简单记为 $\vec F(\vec x,\vec y)=0 $, 其中

\[\begin{aligned} \vec F=(F_1,F_2,\cdots,F_m)^T \\ \end{aligned} \]

$\vec y=\vec f(\vec x)$$\vec x$的函数,类似前面的计算,可以得到

\[\begin{pmatrix} \frac{\partial F_1}{\partial x_1} & \cdots & \frac{\partial F_1}{\partial x_n} \\ \vdots & & \vdots \\ \frac{\partial F_m}{\partial x_1} & \cdots & \frac{\partial F_m}{\partial x_n} \end{pmatrix} +\begin{pmatrix} \frac{\partial F_1}{\partial y_1} & \cdots & \frac{\partial F_1}{\partial y_m} \\ \vdots & & \vdots \\ \frac{\partial F_m}{\partial y_1} & \cdots & \frac{\partial F_m}{\partial y_m} \end{pmatrix} \begin{pmatrix} \frac{\partial y_1}{\partial x_1} & \cdots & \frac{\partial y_1}{\partial x_n} \\ \vdots & & \vdots \\ \frac{\partial y_m}{\partial x_1} & \cdots & \frac{\partial y_m}{\partial x_n} \end{pmatrix} =0 \]

\[J_xF=\begin{pmatrix} \frac{\partial F_1}{\partial x_1} & \cdots & \frac{\partial F_1}{\partial x_n} \\ \vdots & & \vdots \\ \frac{\partial F_m}{\partial x_1} & \cdots & \frac{\partial F_m}{\partial x_n} \end{pmatrix} , J_yF=\begin{pmatrix} \frac{\partial F_1}{\partial y_1} & \cdots & \frac{\partial F_1}{\partial y_m} \\ \vdots & & \vdots \\ \frac{\partial F_m}{\partial y_1} & \cdots & \frac{\partial F_m}{\partial y_m} \end{pmatrix} \]

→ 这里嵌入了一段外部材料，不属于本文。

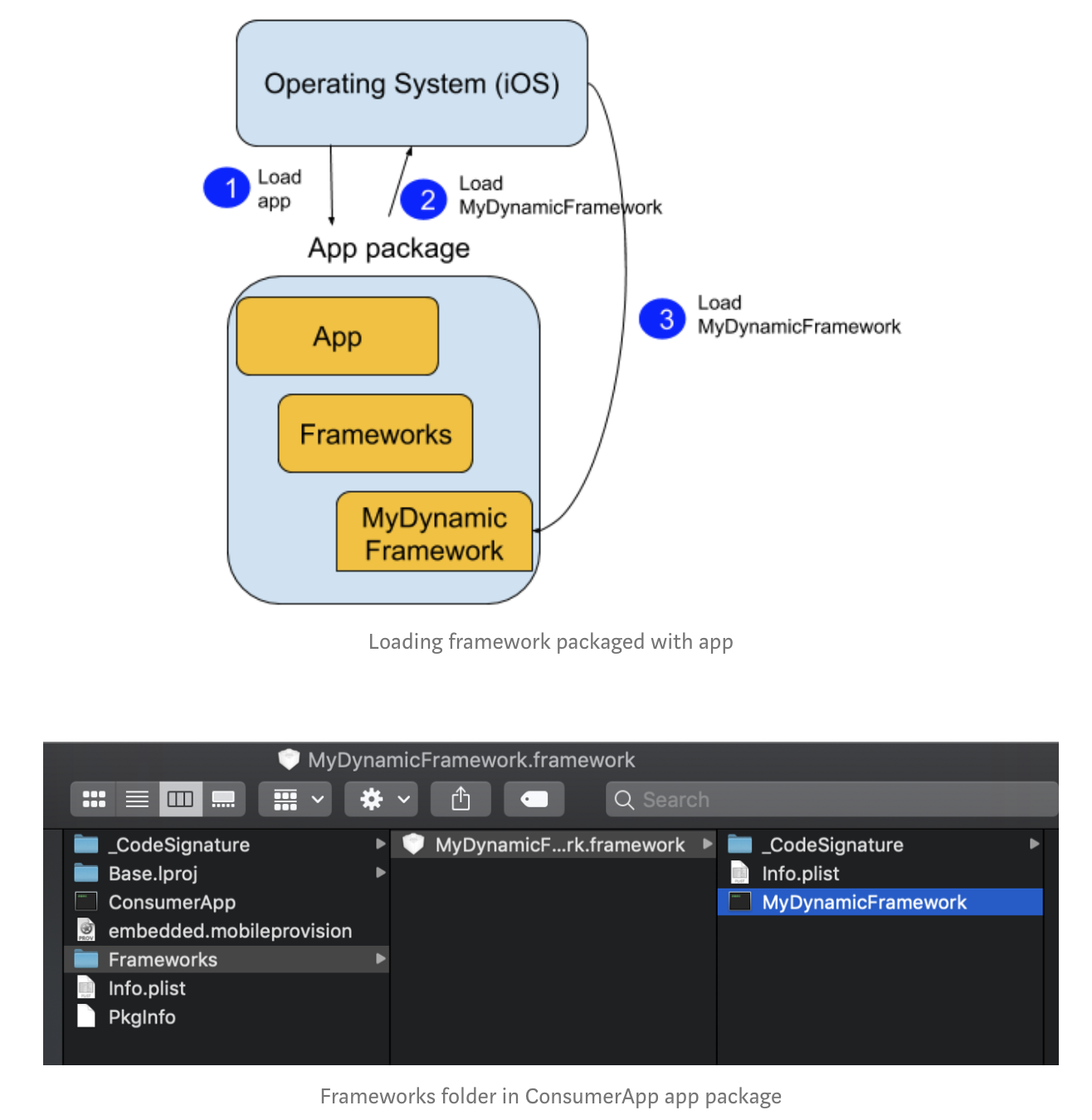 ConsumerApp không thể làm việc mà không cần MyDocateFramework nếu không nó sẽ bị crash. Do đó hệ thống phải load nó. Do đó, nó phải được bao gồm trong app package. Xcode tạo một folder trong app package có tên là Frameworks. Folder này là nơi lưu trữ các dynamic framework mà app yêu cầu.
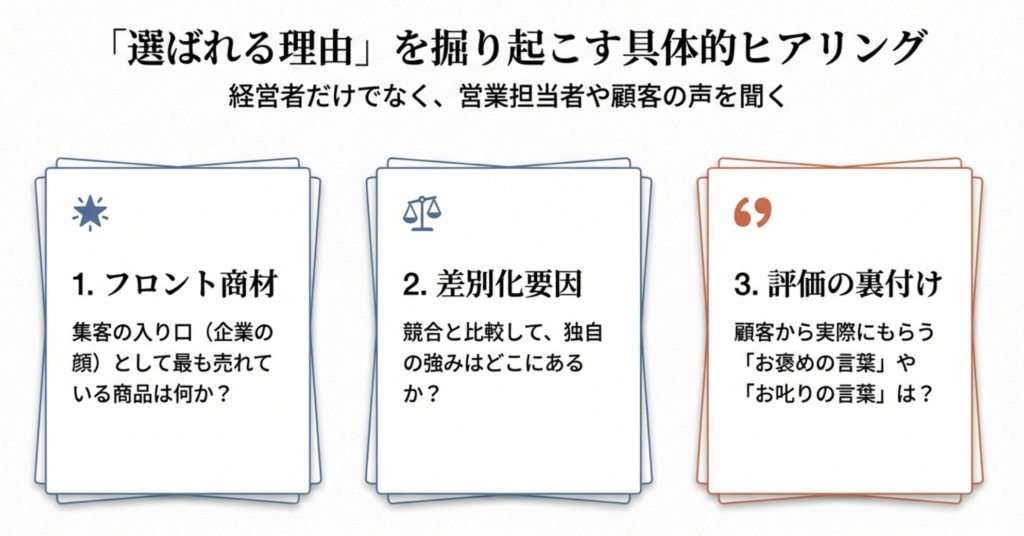 また、経営者だけでなく、顧客と接する最前線の「営業担当者」や、実際に商品・サービスを利用している「お客様」にもヒアリングを行うことで、よりリアルで具体的な「選ばれる理由」が見えてきます。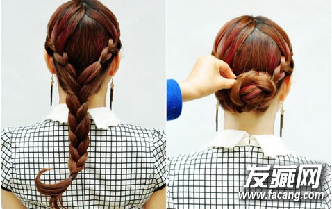 【花苞头盘发step03】编好的三股辫利用皮筋固定即可,然后将秀发稍微扯松些,让发型更显蓬松自然。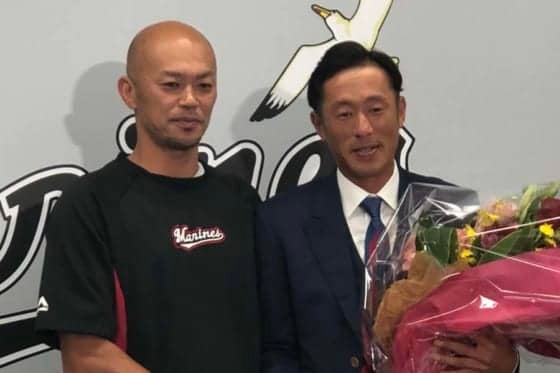 ロッテ岡田が引退会見、福浦の花束贈呈で涙 「12球団最高のファン」に感謝 | 野球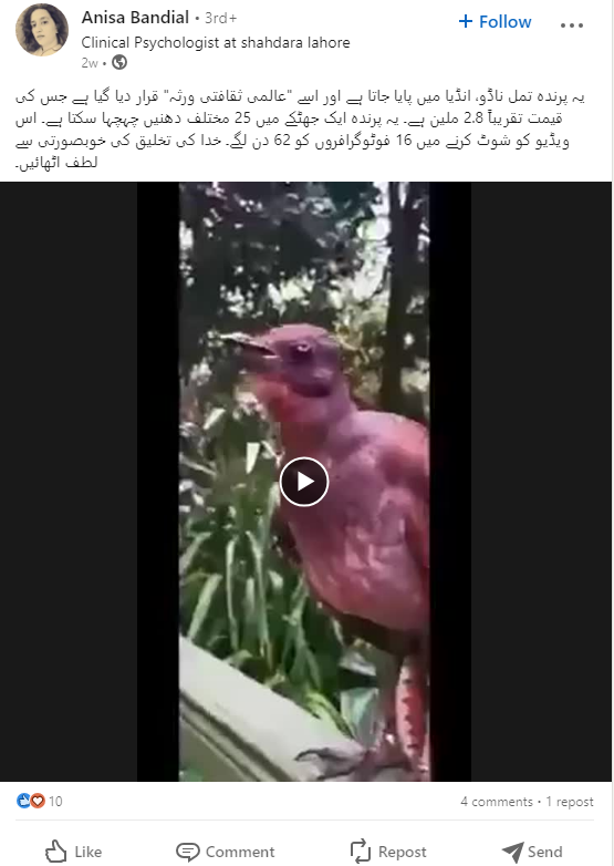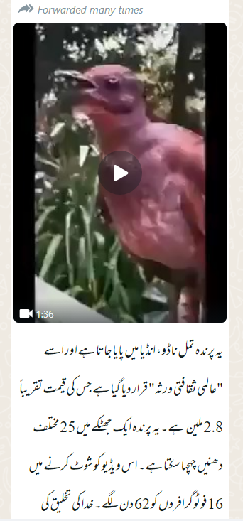 فیس بک، ٹویٹر، یوٹیوب، لنکڈن اور واہٹس ایپ پر ان دنوں ایک پرندے کی ویڈیو خوب وائرل ہو رہی ہے، جس میں پرندہ بیک وقت مختلف آوازیں نکالتا ہوا نظر آرہا ہے۔ دعویٰ کیا جا رہا ہے کہ یہ بھارت کے تمل ناڈو میں پایا جانے والا پرندہ ہے جو 25 مختلف دھنیں چہچہا سکتا ہے۔ اس ویڈیو کو 62 دنوں میں 16 فوٹوگرافروں نے شوٹ کیا ہے۔ اس پرندے کو عالمی ثقافتی ورثہ قرار دیا گیا ہے اور اس کی قیمت تقریباً 2.8 ملین ہے۔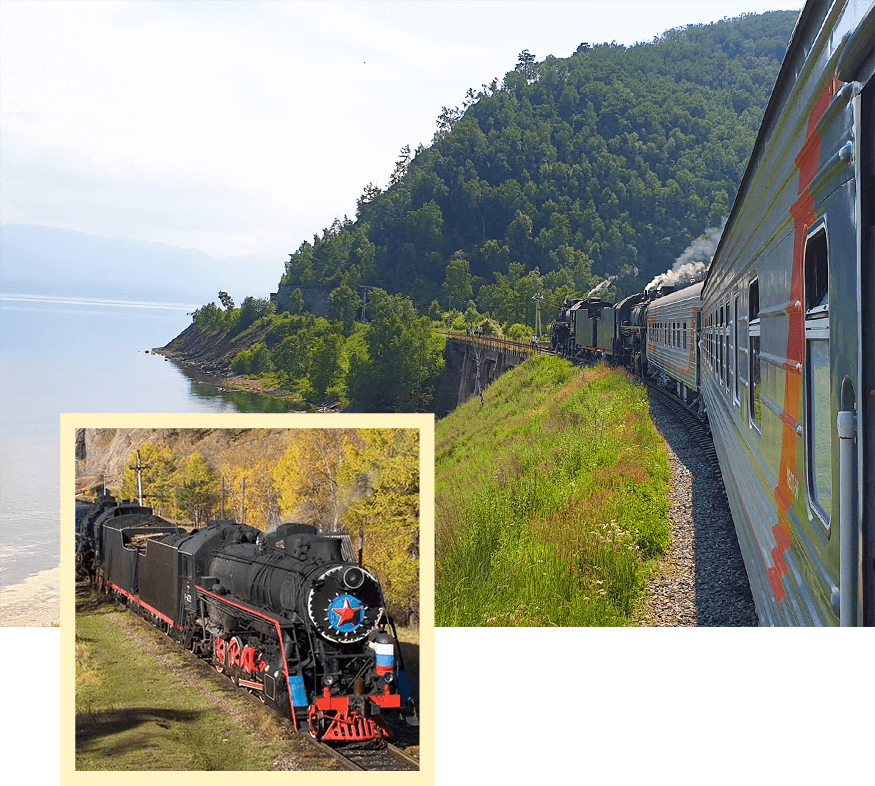 伴隨著鐵軌的聲響,車窗外不時飄過猶如童話世界般夢幻的森林和色彩繽紛的小木屋。沿途的景色是無法形容的美。火車在樅樹和其他各種樹木覆蓋的陡峭的山脈間繞行,一邊是湛藍的貝加爾湖,一邊是鬱鬱蔥蔥的樹林和連綿起伏的峭壁,原來風景還可以用這種流動的形式完美的呈現。

$\vec y=\vec f(\vec x)$的Jacobi矩阵$Jf(x)$满足

\[Jf(x)=-[J_yF(\vec x,\vec y)]^{-1}J_xF(\vec x,\vec y) \]

隐映射定理

定理 2. (隐映射定理)
$D\subset\mathbb{R}^{n+m}$为开集,映射 $F:D\to\mathbb{R}^m$满足下列条件:

(1) $F\in C^1(D)$ (2) $F(x_0, y_0)=0$

(3) $\mbox{det} J_yF( x_0, y_0)\neq0$

其中$x_0\in\mathbb{R}^n$, $y_0\in\mathbb{R}^m$, 则有下列结论:

(1) 方程组$F(x_0,y_0)=0$$(x_0,y_0)$附近确定了隐映射$y=f(x)$$f=(f_1,\cdots,f_m)^T$

  • 即存在$(x_0,y_0)$的邻域$U\times V\subset D$及映射$f: U\to V$,使得$y=f(x)$$V$中满足$F(x,y)=0$的唯一元素($x\in U$);

(2) 隐映射 $ y= f( x)$$C^1$的,且

\[Jf(x)=-[J_yF(x,y)]^{-1}J_xF(x,y) , x\in U \]

逆映射

\[u=f(x,y), \quad v=g(x,y) \]

是一一映射,则有逆映射

\[x=x(u,v), \quad y=y(u,v) \]

如何求$x'_u, x'_v, y'_u, y'_v$

\[\begin{cases} u=f(x,y)=f(x(u,v),y(u,v)) \\ v=g(x,y)=g(x(u,v),y(u,v)) \\ \end{cases} \]

$u$求偏导数

\[\begin{cases} 1=f'_x x'_u+f'_y y'_u \\ 0=g'_x x'_u+g'_y y'_u \\ \end{cases} \Rightarrow \begin{pmatrix} 1 \\ 0 \end{pmatrix} =\begin{pmatrix} f'_x & f'_y \\ g'_x & g'_y \end{pmatrix} \begin{pmatrix} x'_u \\ y'_u \end{pmatrix} \]

$v$求偏导数

\[\begin{cases} 0=f'_x x'_v+f'_y y'_v \\ 1=g'_x x'_v+g'_y y'_v \\ \end{cases} \Rightarrow \begin{pmatrix} 0 \\ 1 \end{pmatrix} =\begin{pmatrix} f'_x & f'_y \\ g'_x & g'_y \end{pmatrix} \begin{pmatrix} x'_v \\ y'_v \end{pmatrix} \]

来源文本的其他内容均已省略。